Saponification degree (%)={1−(A2×B1)/(A1×B2)}×100

[0076] A1: absorbance assigned to C═O stretching vibration (near 1738 cm−1) of the carbonyl group of the ethylene-vinyl acetate copolymer before saponification

[0077] A2: absorbance assigned to C═O stretching vibration (near 1738 cm−1) of the carbonyl group of the ethylene-vinyl acetate copolymer

[0078] B1: absorbance assigned to C—H deformation vibration (near 1466 cm−1) of the methylene group of the ethylene-vinyl acetate copolymer before saponification (internal standard)
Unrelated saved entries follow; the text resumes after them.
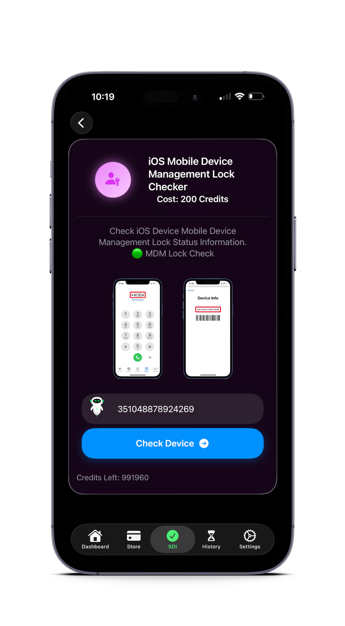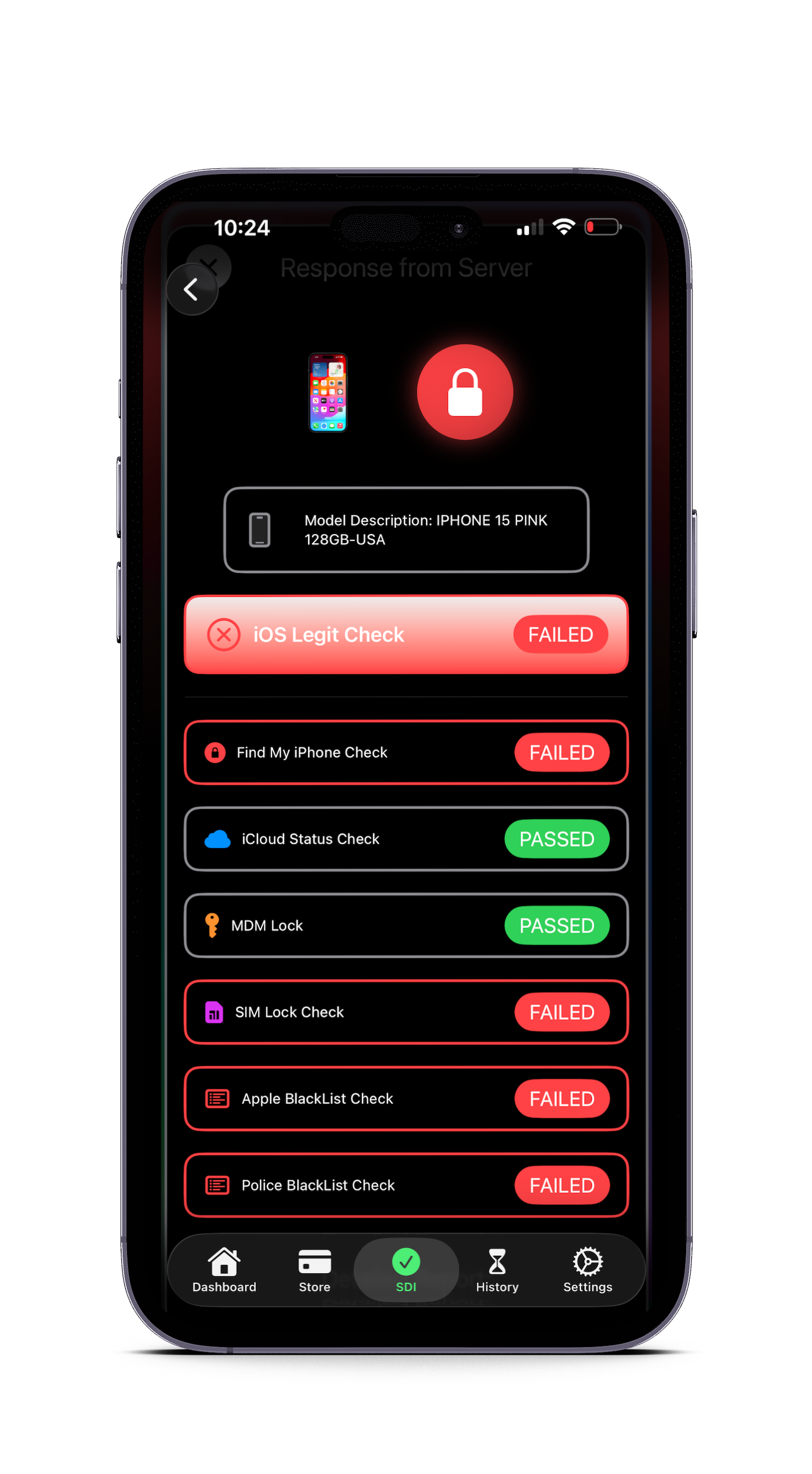 This tool analyzes device identifiers, serial number patterns, and previous iCloud account configurations to detect stolen devices that may look identical to genuine iPhones but contain previous owner iCloud or MDM lock on the device.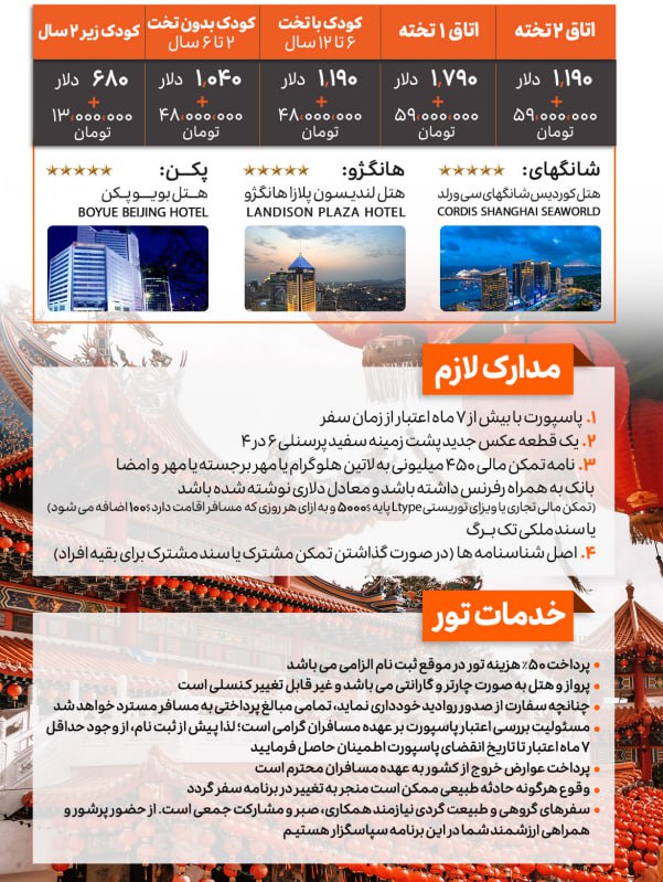 6 گشت شهری + ۴و عده ناهار | اخذ ویزای انفرادی توریستی چین لیبل دار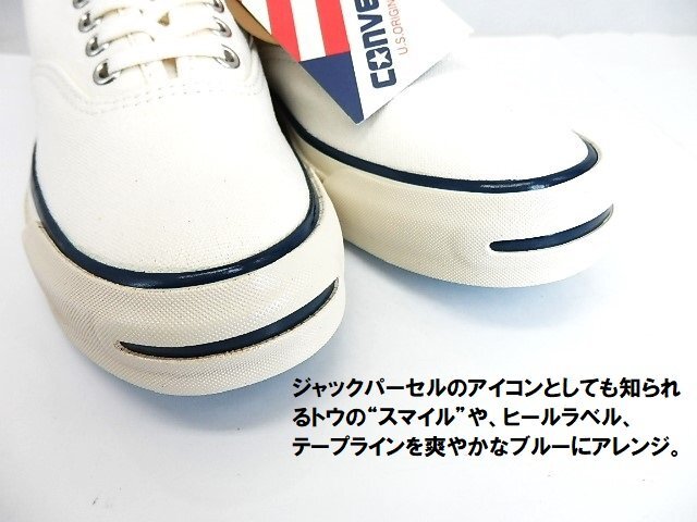 IVYルックにみられる内羽根仕様を採用した「U.S. ORIGINATOR」 高品質のスペックのジャックパーセル。レトロ感が人気です。 1973年のアーカイブである「ウィンドジャマー」をベースに、 テープラインや踵の割縫いパターンなどのディテールを落とし込んだデザイン。 ジャックパーセルのアイコンとしても知られるトウの“スマイル”や、ヒールラベル、 テープラインを爽やかなブルーにアレンジ。 スキッドグリップを思わせるデッキシューズスタイルに、 つま先にはスマイルラインが入ったジャックパーセルの変わり種。 |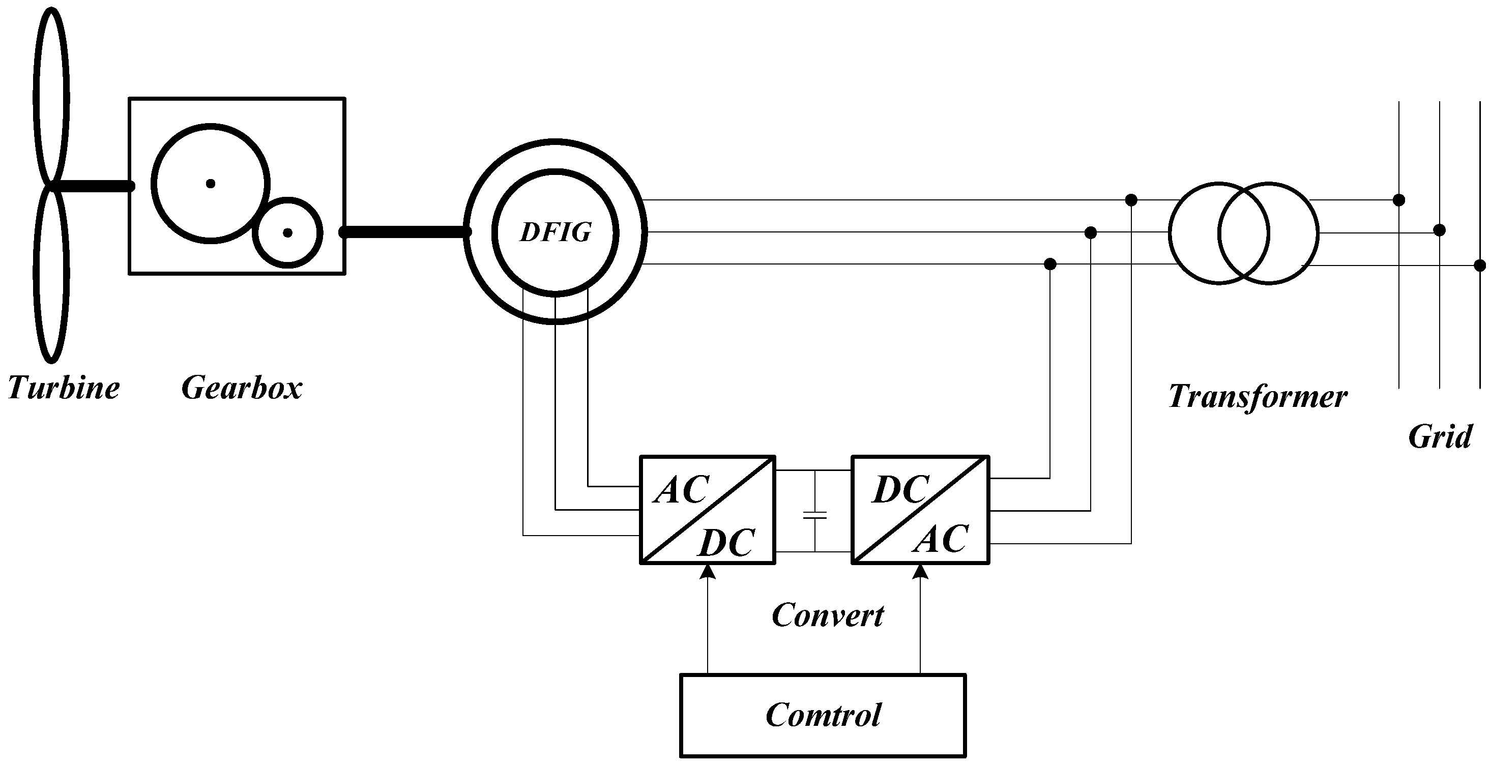 Configuration of a WT with DFIG.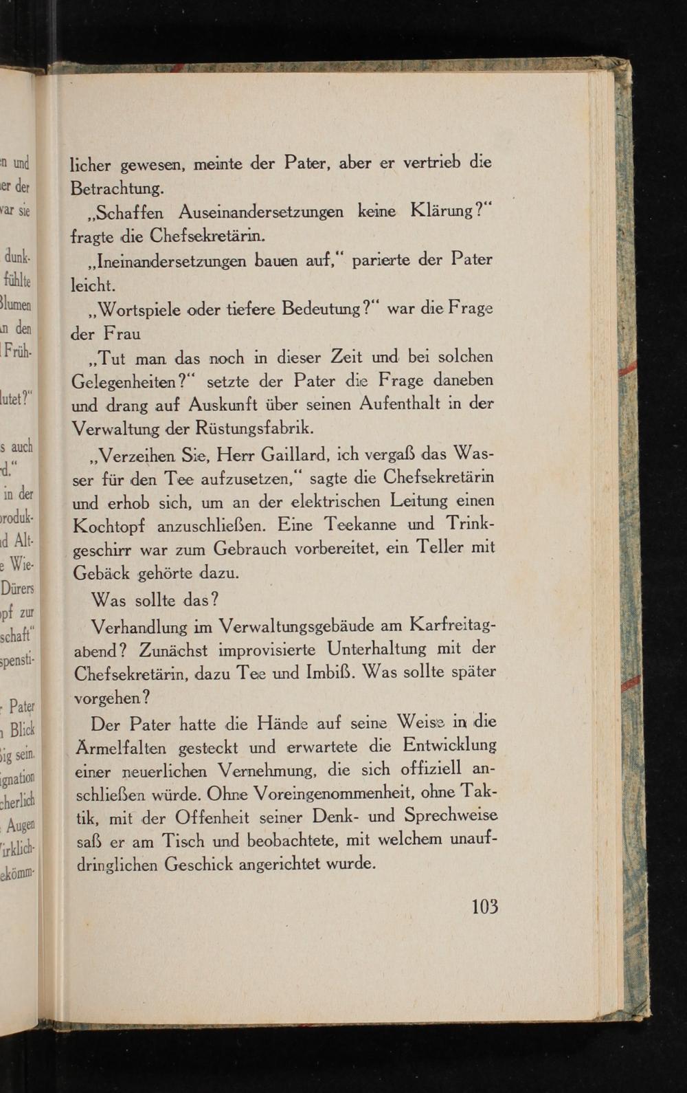 „Tut man das noch in dieser Zeit und bei solchen Gelegenheiten?“ setzte der Pater die Frage daneben und drang auf Auskunft über seinen Aufenthalt in der Verwaltung der Rüstungsfabrik.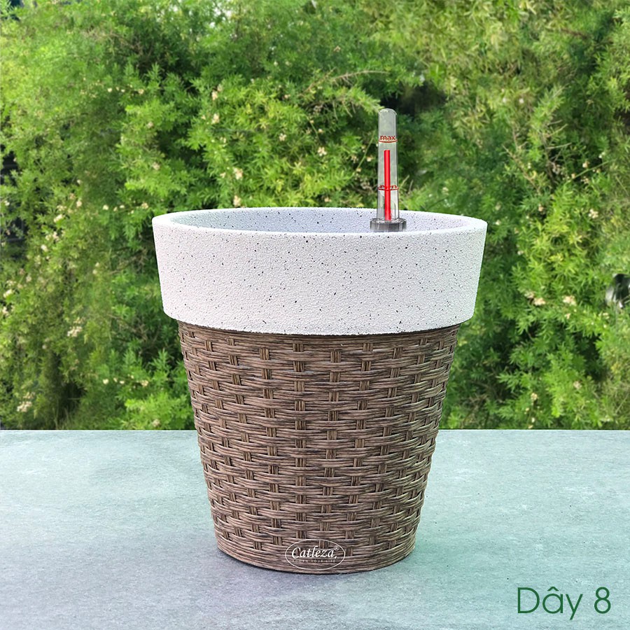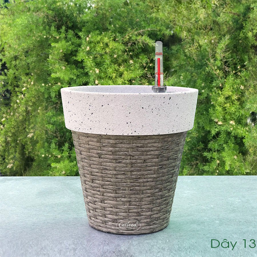 ~ Chậu cây tự dưỡng sơn cát trắng đan catleza được làm từ nhựa ABS chống chịu tốt với va đập, không thấm nước, dùng cho cả trong nhà và ngoài trời, đa dạng kích cỡ cho nhiều nhu cầu sử dụng khác nhau.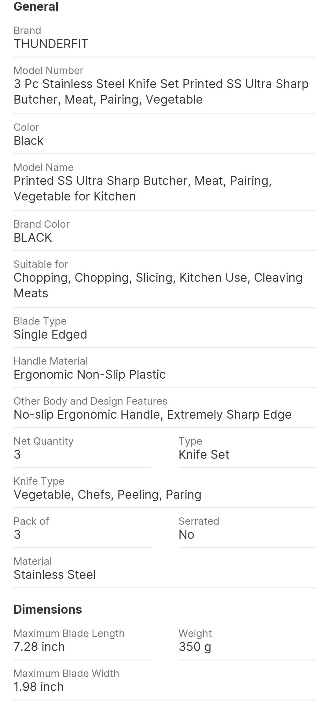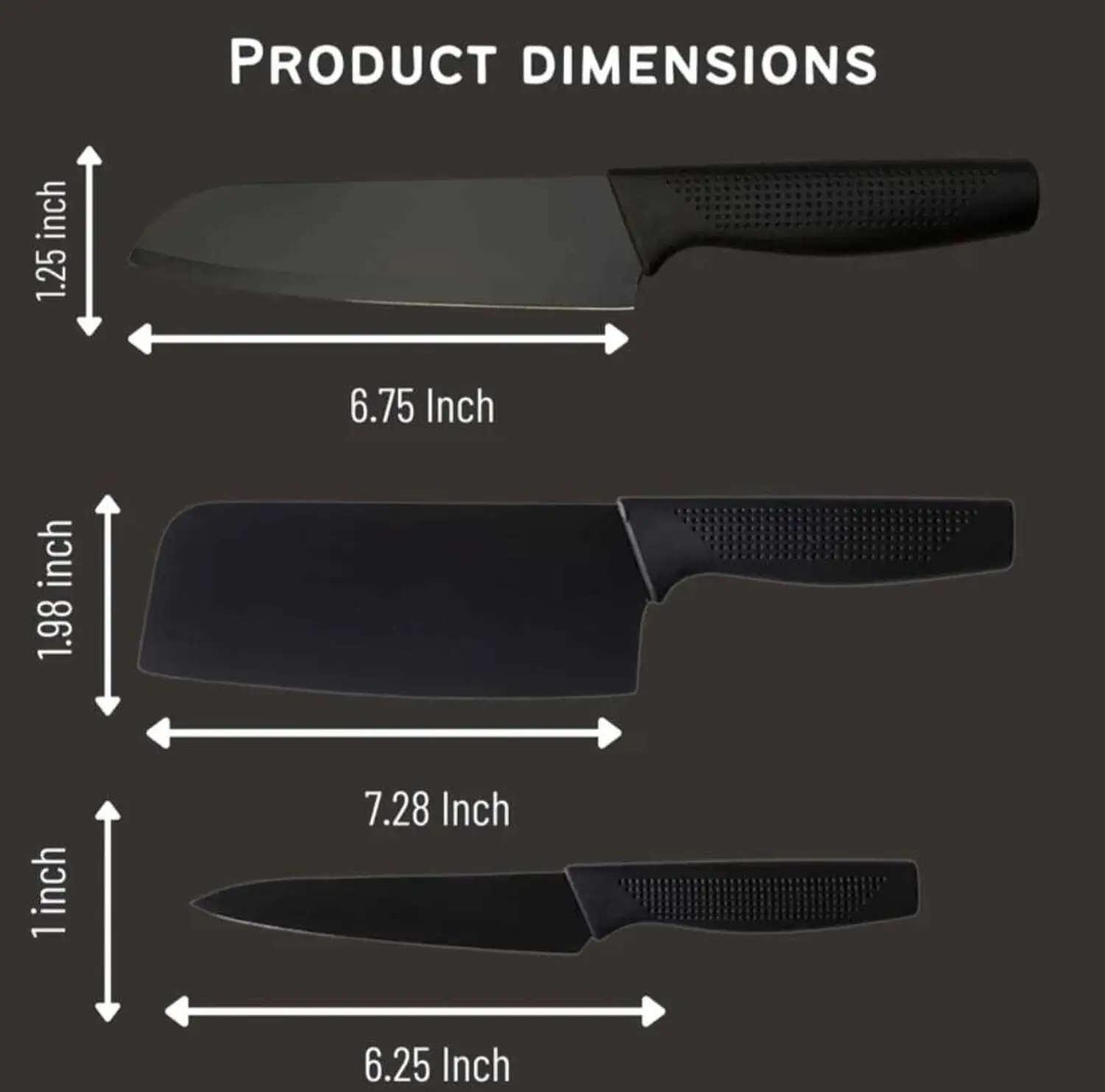 THUNDERFIT 3 Pc Stainless Steel Knife Set Printed SS Ultra Sharp Butcher, Meat, Pairing, Vegetable for Kitchen

[0079] B2: absorbance assigned to C—H deformation vibration (near 1466 cm−1) of the methylene group of the ethylene-vinyl acetate copolymer (internal standard)

[0080] [Oxygen Transmittance]

[0081] The oxygen transmittance was measured according to JIS K-7126 (isobaric pressure method).

[0082] A specimen film was mounted to a commercially available oxygen transmittance measurement apparatus (commercial name: OX-TRAN 100, manufactured by MOCON U. S. A.), and the oxygen transmittance was continuously measured and determined at the time when the oxygen transmittance was found to be substantially constant.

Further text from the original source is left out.